# Material to process
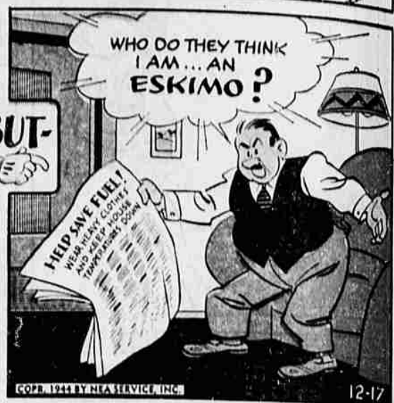
WHO DO THEY THINK I AM... AN ESKIMO?
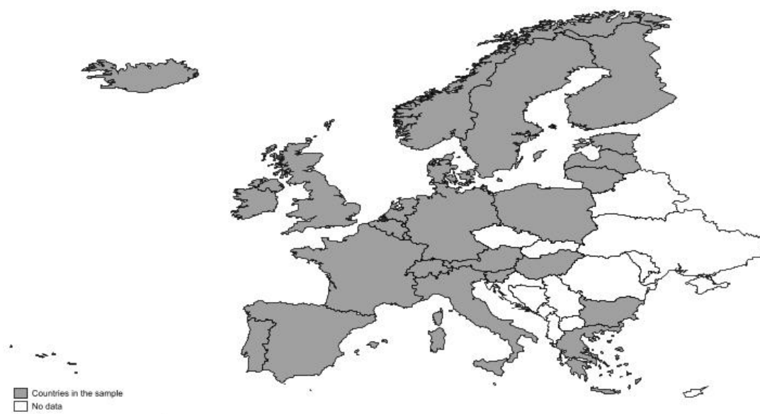
FIGURE 1. Countries in the sample

The measure of individual restrictions we adopt is the stringency index, edited by the Blavatnik School of Government at the University of Oxford. It is based on nine response indicators including school closures, workplace closures, travel bans, etc., rescaled to a value from 0 to 100. 1 Following Alvarez et al. (2021), we limit the analysis to 90 days after the country stringency index joined its maximum value ( T=0 ), which was expected to capture the overwhelming impact of the pandemic on governments' choices. As affirmed by Alvarez et al. (2021), “...the optimal policy prescribes a severe lockdown beginning two weeks after the outbreak... (which) is gradually withdrawn after 3 months.” 2
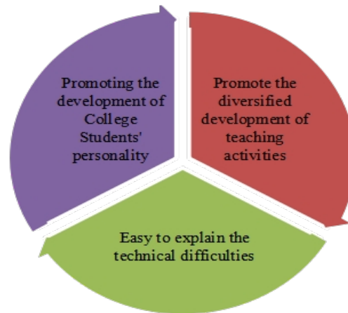
Figure 1. The role of IT in PE.

IT has become a new teaching mode of internalization of knowledge and skills, which plays an important role, as shown in Figure 1.
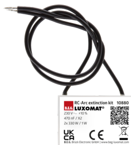
RC-Arc extinction kit Art.No: 10880

Dimensions: Ø 200 x 90 mm Impact strength: IK09 Housing: coated steel basket
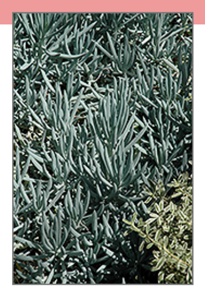
Blue Chalk Sticks foliage
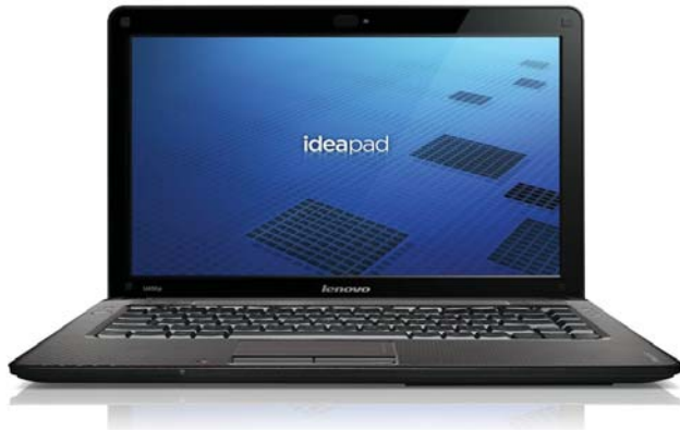
Lenovo IdeaPad U450p
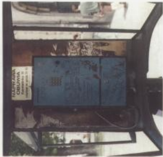
Found in Warsaw. Something this size has to do more than make phone calls.
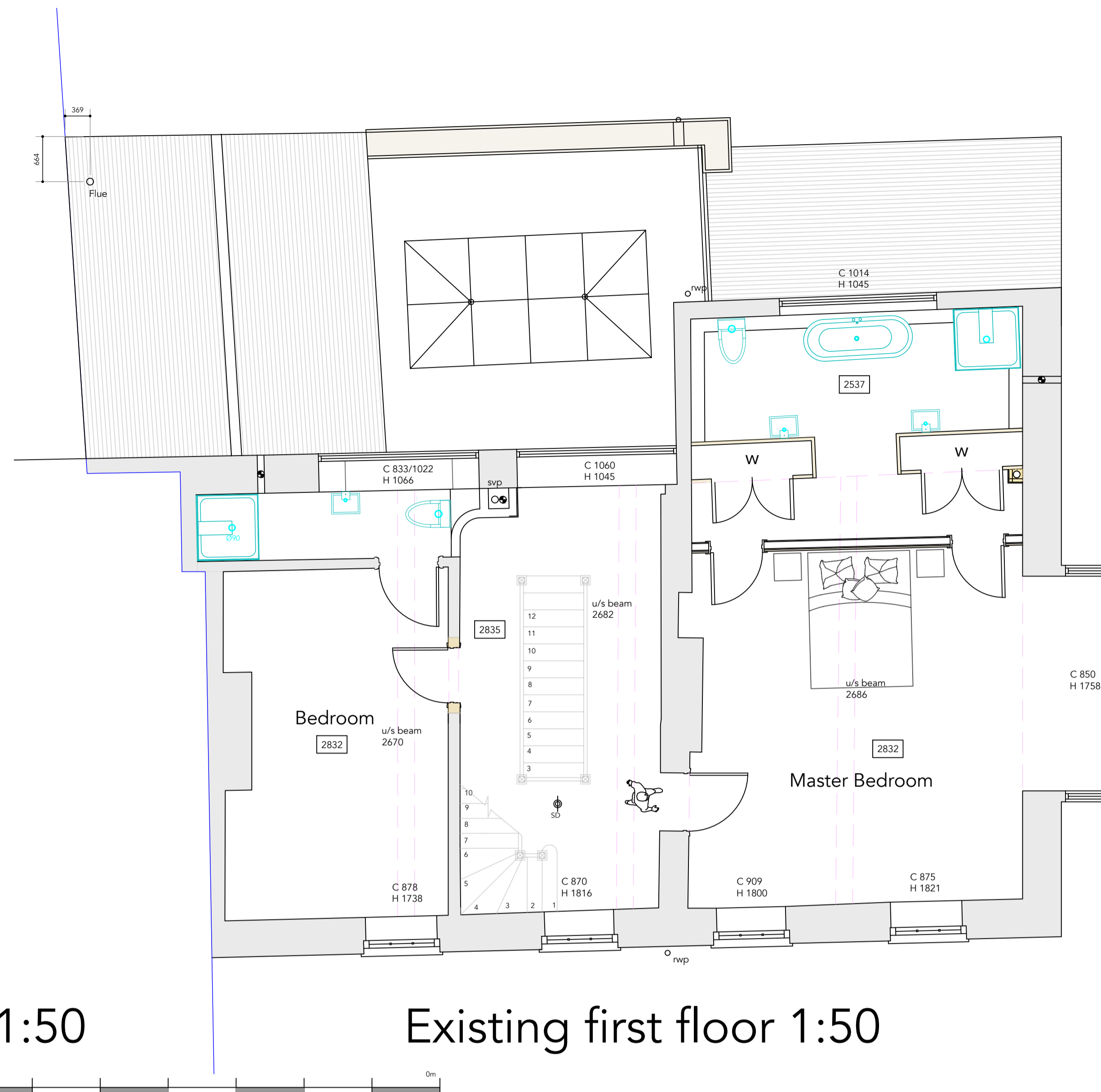
Existing first floor 1:50

# Problem
Exactly repeat only the lines from the one with "Lenovo IdeaPad U450p" to the closing line above, both included, and omit every picture.

# Answer to this task
Lenovo IdeaPad U450p
Found in Warsaw. Something this size has to do more than make phone calls.
Existing first floor 1:50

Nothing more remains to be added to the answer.